副热带青蟹
生物
人口
基因组
遗传学
基因组大小
进化生物学
生态学
动物
基因
社会学
人口学
作者
Ming Zhao,Wei Wang,Fengying Zhang,Chunyan Ma,Zhi-Qiang Liu,Meidi‐Huang Yang,Wei Chen,Qingsong Li,Ming-Shu Cui,Keji Jiang,Chunlei Feng,Jiong-Tang Li,Lingbo Ma
标识
DOI:10.1111/1755-0998.13332
摘要
Abstract Mud crabs, found throughout the Indo‐Pacific region, are coastal species that are important fisheries resources in many tropical and subtropical Asian countries. Here, we present a chromosome‐level genome assembly of a mud crab ( Scylla paramamosain ). The genome is 1.55 Gb (contig N50 191 kb) in length and encodes 17,821 proteins. The heterozygosity of the assembled genome was estimated to be 0.47%. Effective population size analysis suggested that an initial large population size of this species was maintained until 200 thousand years ago. The contraction of cuticle protein and opsin genes compared with Litopenaeus vannamei is assumed to be correlated with shell hardness and light perception ability, respectively.

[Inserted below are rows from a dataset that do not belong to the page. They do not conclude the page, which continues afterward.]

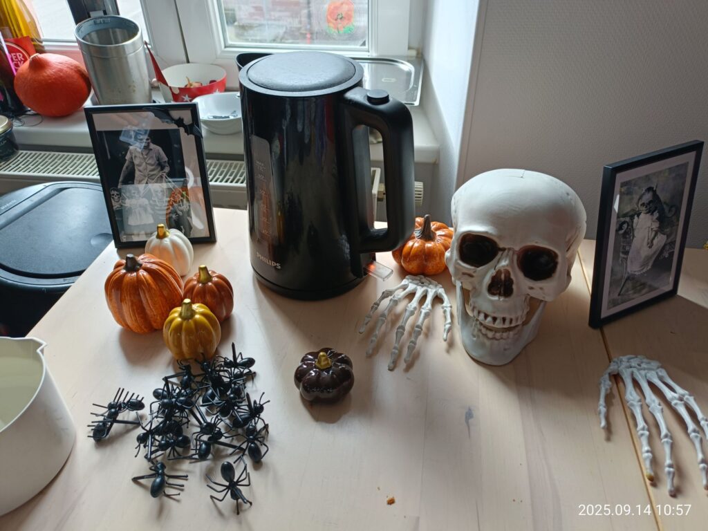 朝寝坊してお家に朝ごはんを食べに行ったときの写真。よく見たらアリさん以外にもたくさんのハロウィングッズが。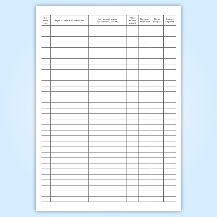 Журнал учета выдачи ключей от технических помещений, контролируемых ОДС в Кызыле купить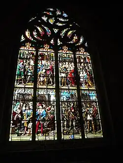 Das viergeteilte Fenster stammt aus einer unbekannten Werkstatt. Es stellt das Leben von Bertrand du Guesclin († 1380) dar, der ein bedeutender bretonischer Heerführer und Connétable von Frankreich war. Unten wird seine zweite Heirat mit Jeanne de Laval-Tinténiac (um 1360–1433) im Jahr 1373 thematisiert. Das Schloss Montmuran wurde von Jeanne de Laval-Tinténiac in die Ehe eingebracht.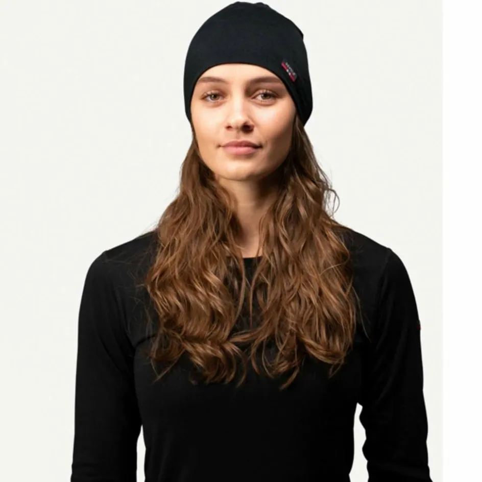 Merinowolle besitzt die praktische Fähigkeit, große Mengen an Feuchtigkeit aufzunehmen, ohne sich nass anzufühlen. Das ist sowohl beim schweißtreibenden Einsatz als auch bei leichtem Regen ein klarer Komfort-Vorteil. Außerdem wirkt Merinowolle temperaturausgleichend, geruchshemmend und antistatisch. So stehen dir beim Absetzen der Mütze nicht die Haare zu Berge. Dank des dünnen, elastischen Materials sitzt die Beanie auch unter Kapuzen und den meisten Helmen sehr bequem.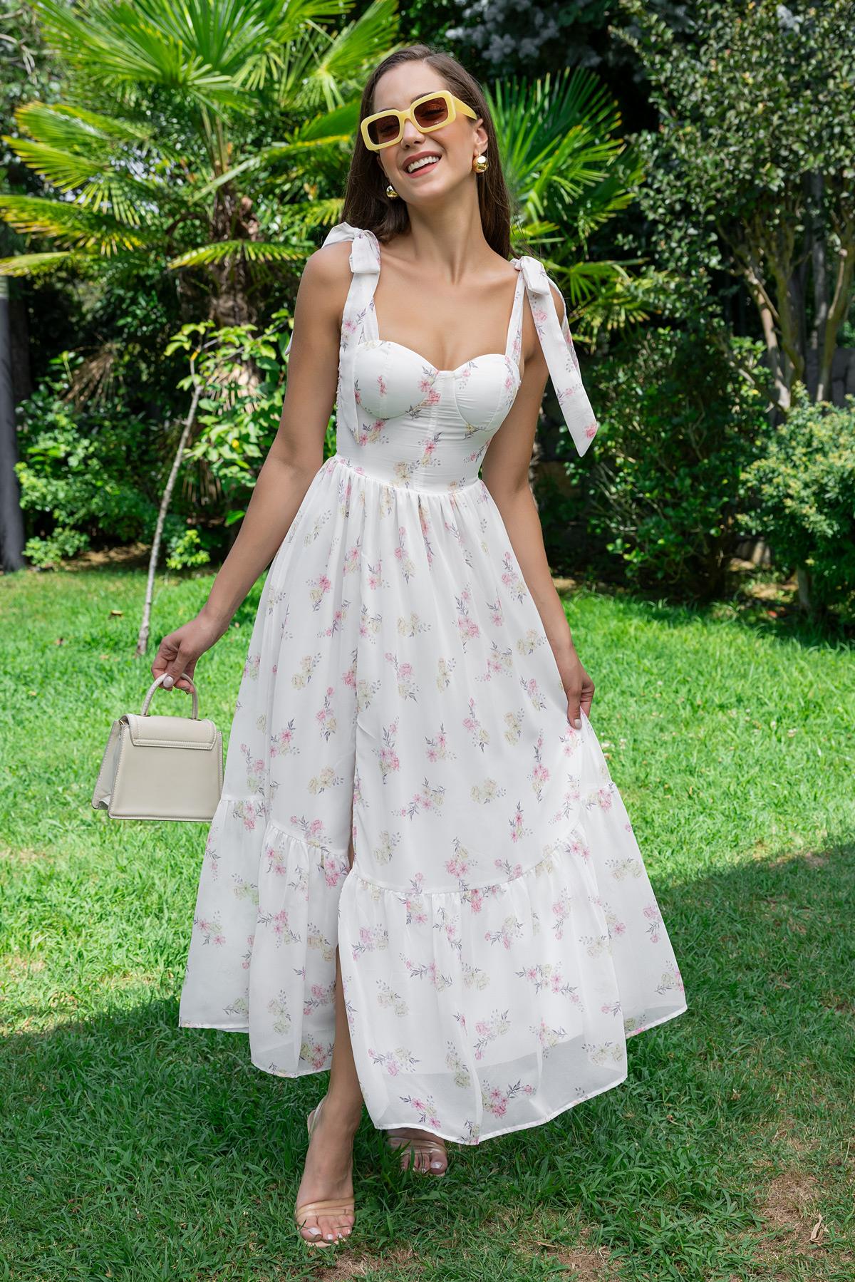 Şifon Yırtmaçlı Elbise - BEYAZ (BDS093ELB0010101)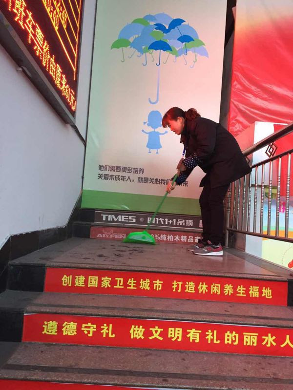 12月10日8:30,東站黨員志愿者在黨支部書記江小華的帶領下分別對站內(nèi)的墻面進行刷白和衛(wèi)生死角的清掃。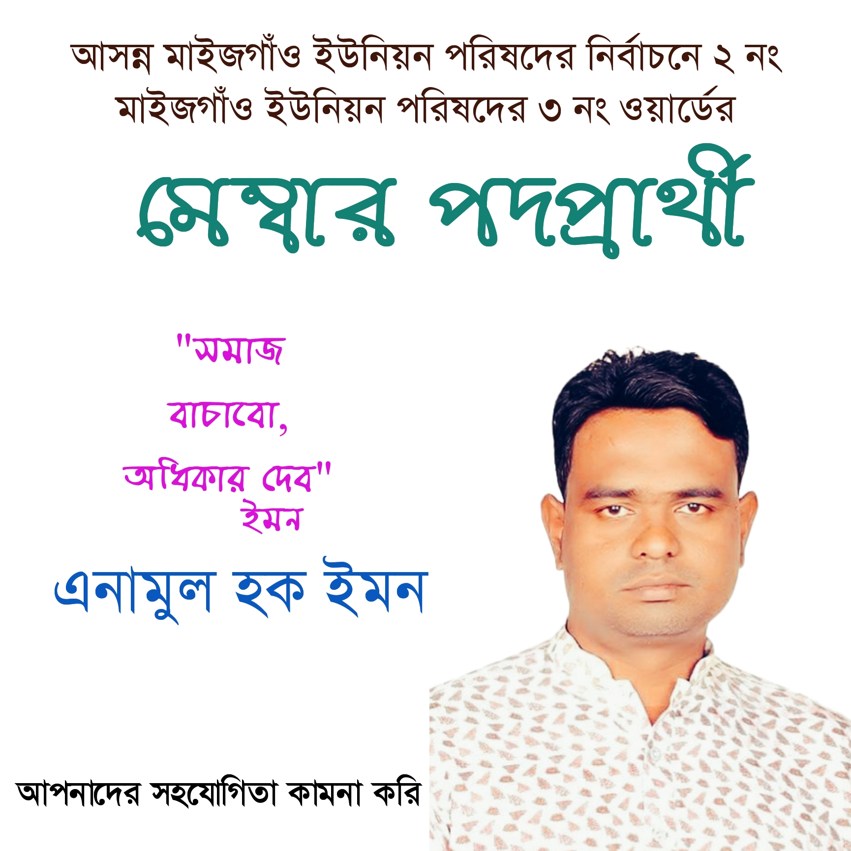 আরও জানা যায় একই প্রার্থী এমরান হোসেন মুমিন তিনি জানান (ঘুড়ি) আমারও বেশ কিছু পোষ্টার ছিড়ে ফেলা হয়েছে। বর্তমান ইউপি সদস্য আরমান হোসেন আনুরও কিছু পোষ্টার রাস্তায় ছেড়া অবস্থায় পাওয়া যায়। এছাড়া জানা গেছে ২ নং মাইজগাঁও ইউনিয়ন পরিষদের চেয়ারম্যান পদপ্রার্থী আওয়ামী লীগের মনোনীত জুবেদ আহমেদ চৌধুরী শিপুর ও বেশ কিছু পোষ্টার মাইজগাঁও ইউনিয়ন এর ৩ নং ওয়ার্ডের বিভিন্ন এলাকায় ছিড়ে ফেলা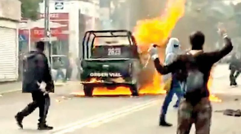 Tras la primera confrontación, los estudiantes detuvieron una patrulla y la incendiaron en inmediaciones de las instalaciones de Rectoría, que los universitarios mantienen tomadas desde hace meses.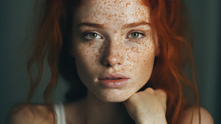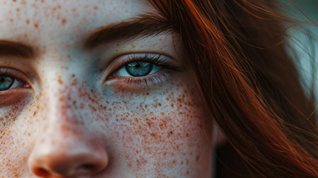 Close up portrait of young woman with freckles, showcasing her striking green eyes and natural beauty. soft lighting highlights her features, creating intimate and captivating atmosphere

Furthermore, the analysis of three chemoreceptor gene families, the odorant receptor (OR), gustatory receptor (GR) and ionotropic receptor (IR) families, suggested that the mud crab has no OR genes and shows a contraction of GR genes and expansion of IR genes. The numbers of the three gene families were similar to those in three other decapods but different from those in two nondecapods and insects. In addition, IRs were more diversified in decapods than in nondecapod crustaceans, and most of the expanded IRs in the mud crab genome were clustered with the antennal IR clades. These findings suggested that IRs might exhibit more diverse functions in decapods than in nondecapods, which may compensate for the smaller number of GR genes. Decoding the S. paramamosain genome not only provides insight into the genetic changes underpinning ecological traits but also provides valuable information for improving the breeding and aquaculture of this species.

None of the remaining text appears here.